The compartment will be moved from the International Space Station back onto space shuttle Atlantis early Monday. It carried up to 9,400 pounds of food, clothes and other household goods — a year's worth of supplies.
Atlantis will undock from the space station Tuesday, after a visit of more than a week, and aim for a Thursday landing back in Florida to end 30 years of shuttle flight.
Mission Control gave the four shuttle astronauts some time off Sunday to relax before heading home, but they spent it packing.
Now that most of the work is behind, the realization that this is the last shuttle flight is starting to sink in, said flight director Chris Edelen. He said he had a dream the night before in which he was in Mission Control gazing, via TV, at the "beautiful" wings of Atlantis, docked at the space station.
"In my dream, when I woke up, I realized, 'Hey, I really do need to savor these moments,' " he told reporters, "because this likely will be the last time we ever see a big, winged vehicle like that docked to the space station."
In a departure from last week's string of celebrity greetings, Sunday's special message to the crew aboard Atlantis came from workers at NASA's Stennis Space Center near New Orleans. That's where the shuttle main engines were tested over the decades.

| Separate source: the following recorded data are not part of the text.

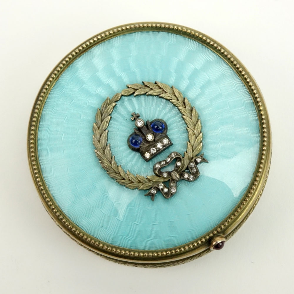 20th Century Russian 88 Silver Guilloche Enamel Snuff Box with Diamond and Sapphire Accents. Stamped Faberge, 88 Kokoshnik and HW. Good condition. Measures 2-1/4" Diameter. Approx. weight: 2.76 Troy ounces. Shipping $32.00 (estimate $1500-$2000)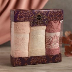 Комплект махровых полотенец 3 шт. "Celin's" Kalpli розовый 30*50 см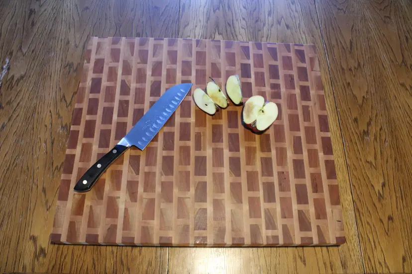 Any size of cutting board can be made, the prices listed are examples of different prices at several sizes with either Cherry bricks (dark red) or walnut bricks (nearly black) with lead times usually being 1-2 weeks, though longer for extra large cutting boards. By default all cutting boards are 1.5 inches thick, though thicker boards are an option.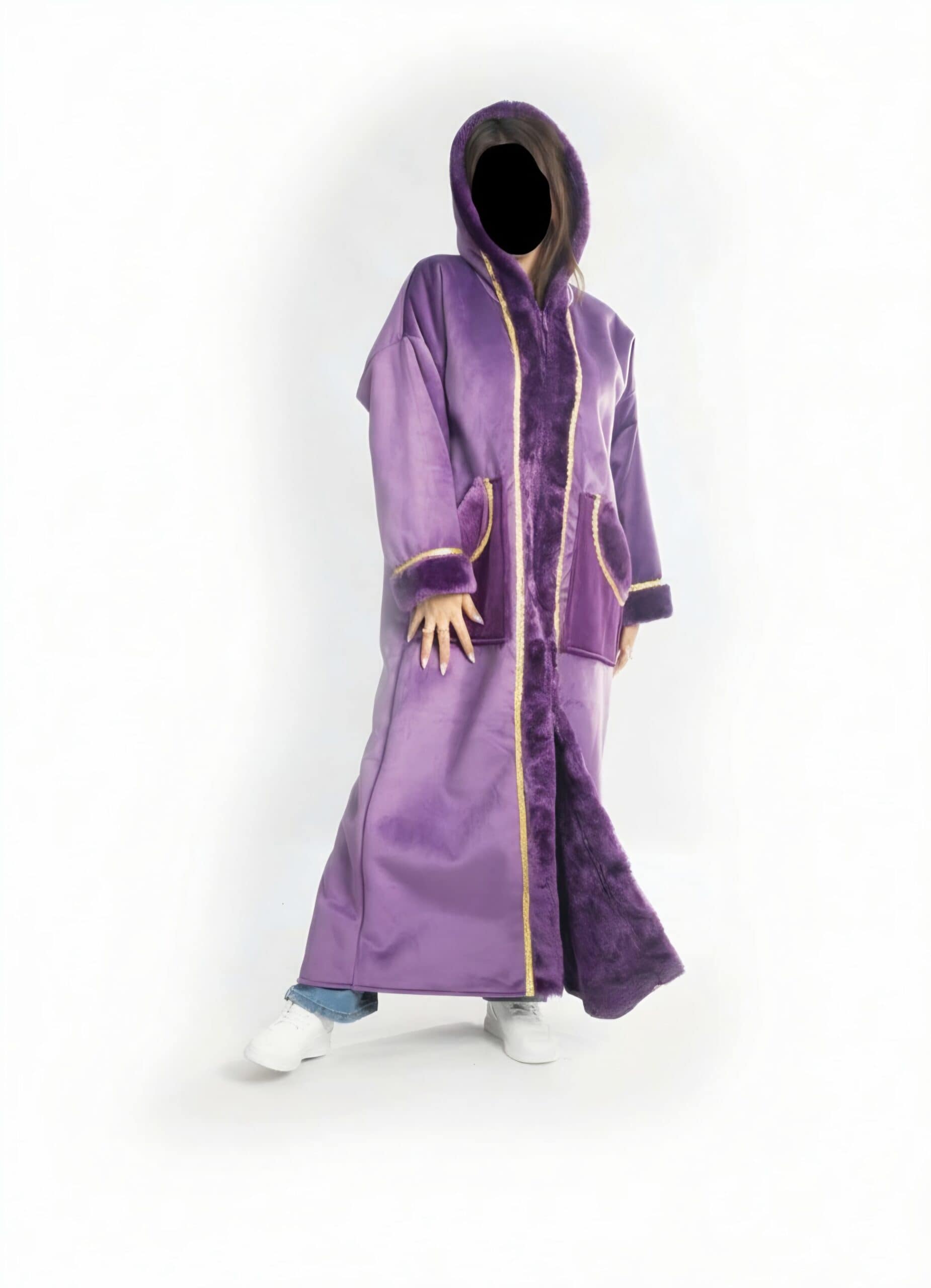 العناية: يُفضل الغسيل الجاف (Dry Clean) للحفاظ على جودة الفرو ونعومة القماش ولمعان التطريز الذهبي لسنوات طويلة.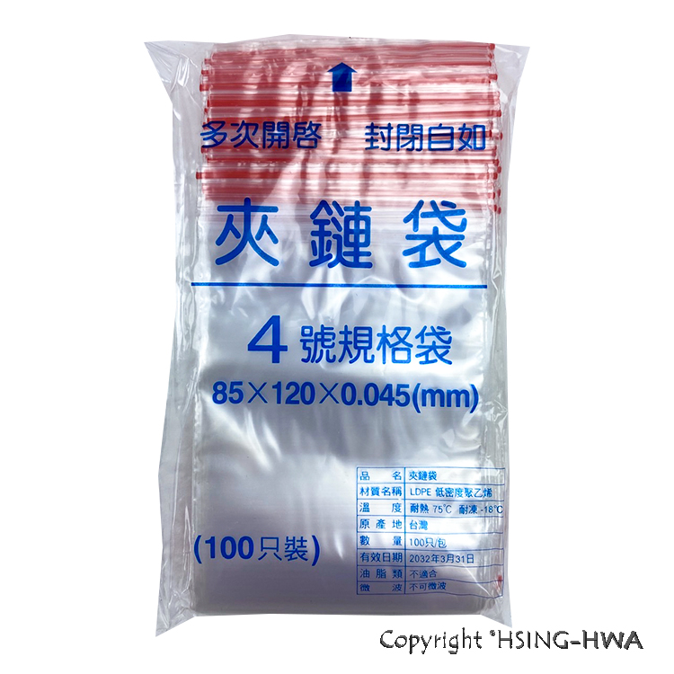 4號夾鏈袋 120x85x0.035 100入/包
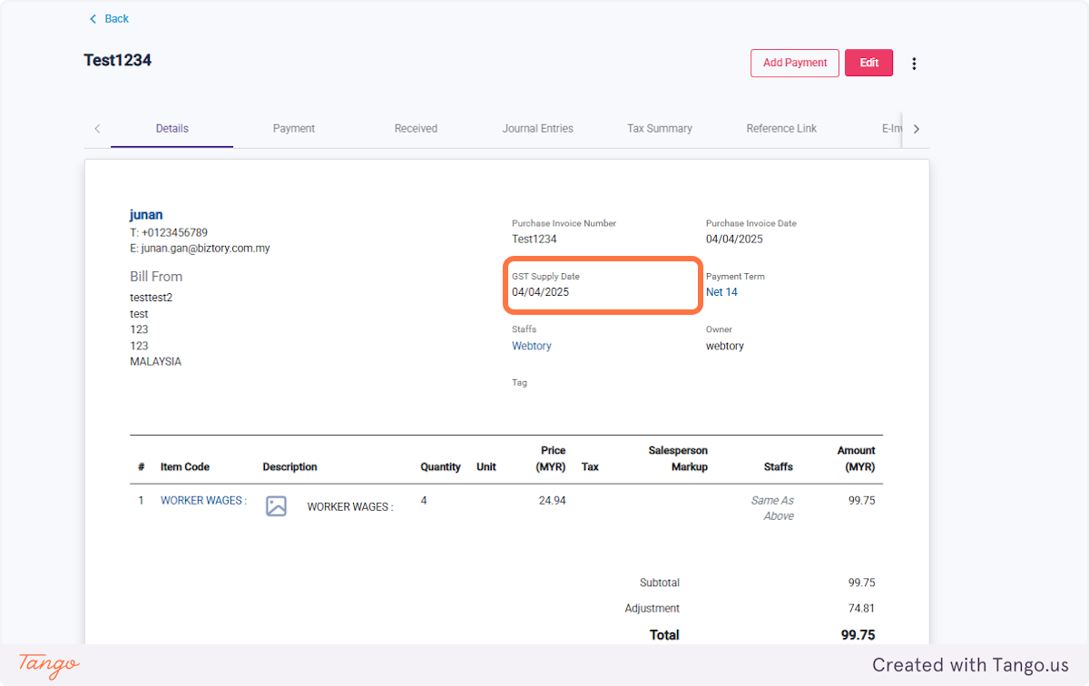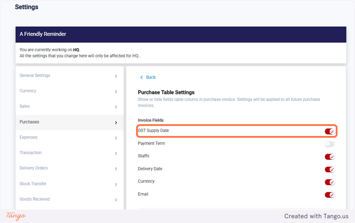 4. Check/uncheck GST Supply Date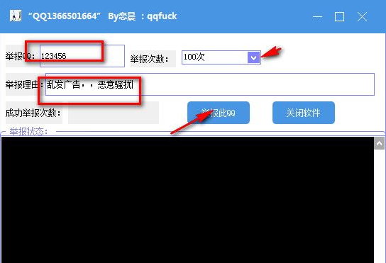 1.下载并运行软件,输入需要举报的qq号以及举报次数.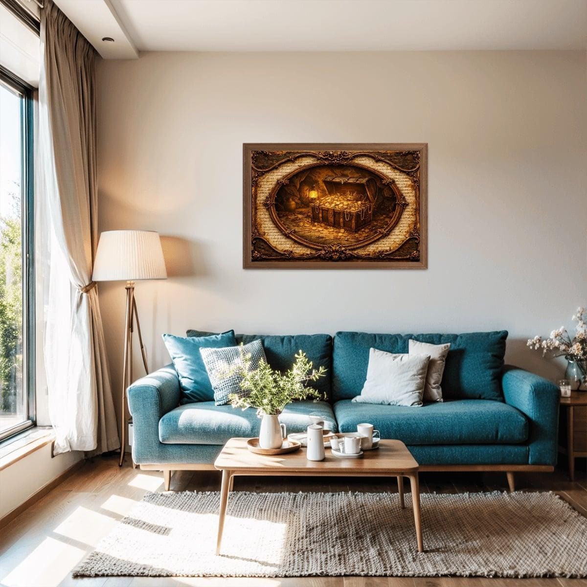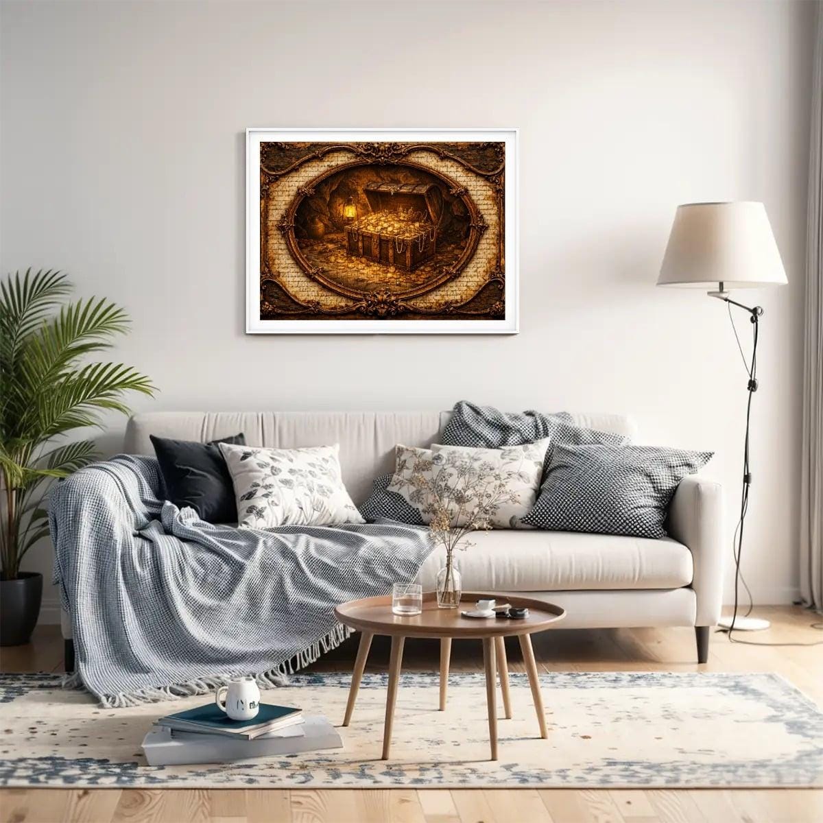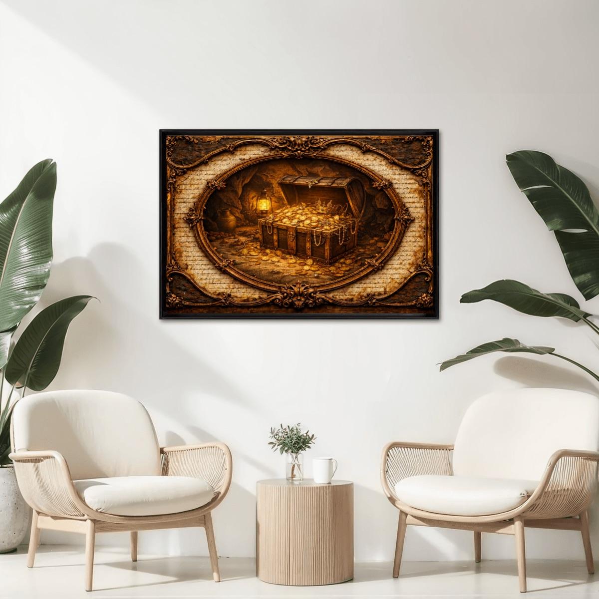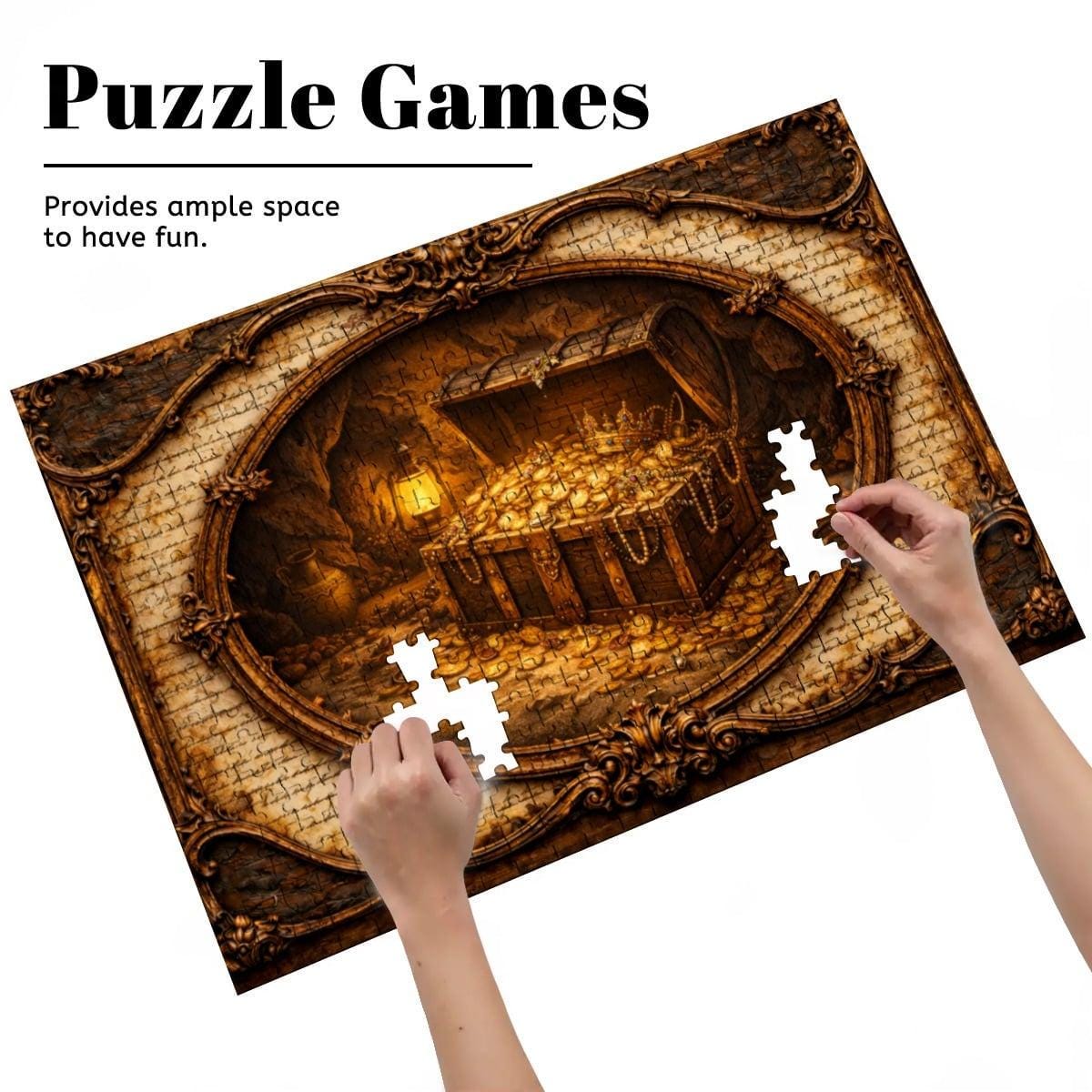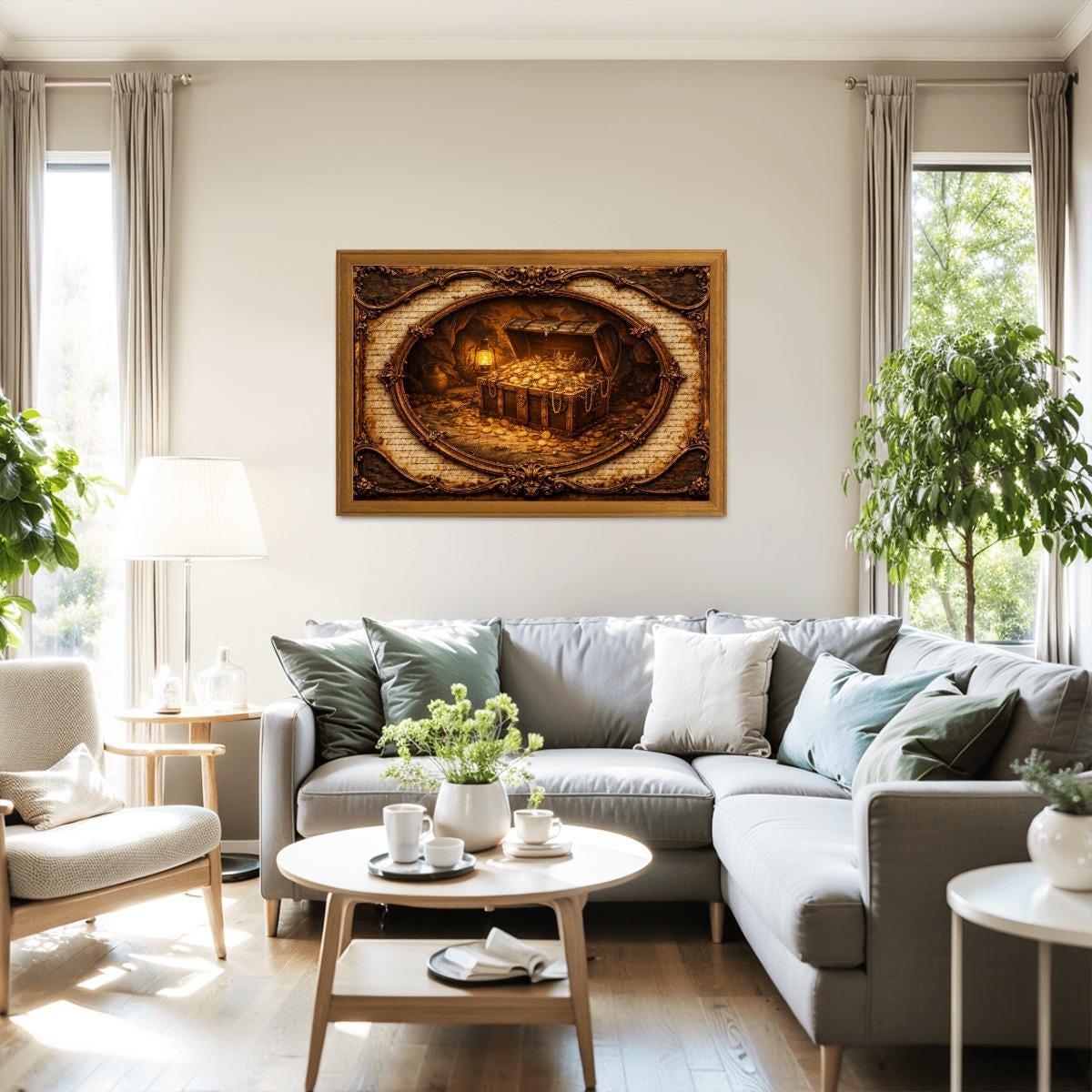 The rich golden tones and detailed vintage-style frame create a dramatic and adventurous scene that puzzle lovers will enjoy assembling piece by piece. This design captures the feeling of discovery and mystery, making it a fun and engaging puzzle experience.

"It's time to fire up your engines — laissez les bons temps rouler!" the Stennis crowd shouted, using the Cajun expression for "Let the good times roll."
The wake-up music was Kool and the Gang's 1980 hit "Celebration," chosen by the shuttle crew before the flight.
Magnus said the crew picked the song "to dedicate to the whole shuttle work force in celebration of everything that you've accomplished over the years."
NASA is retiring its three space shuttles, sending them to museums, so it can work on sending astronauts beyond low-Earth orbit. The goals set forth by the Obama administration: an asteroid by 2025 and Mars by the mid-2030s.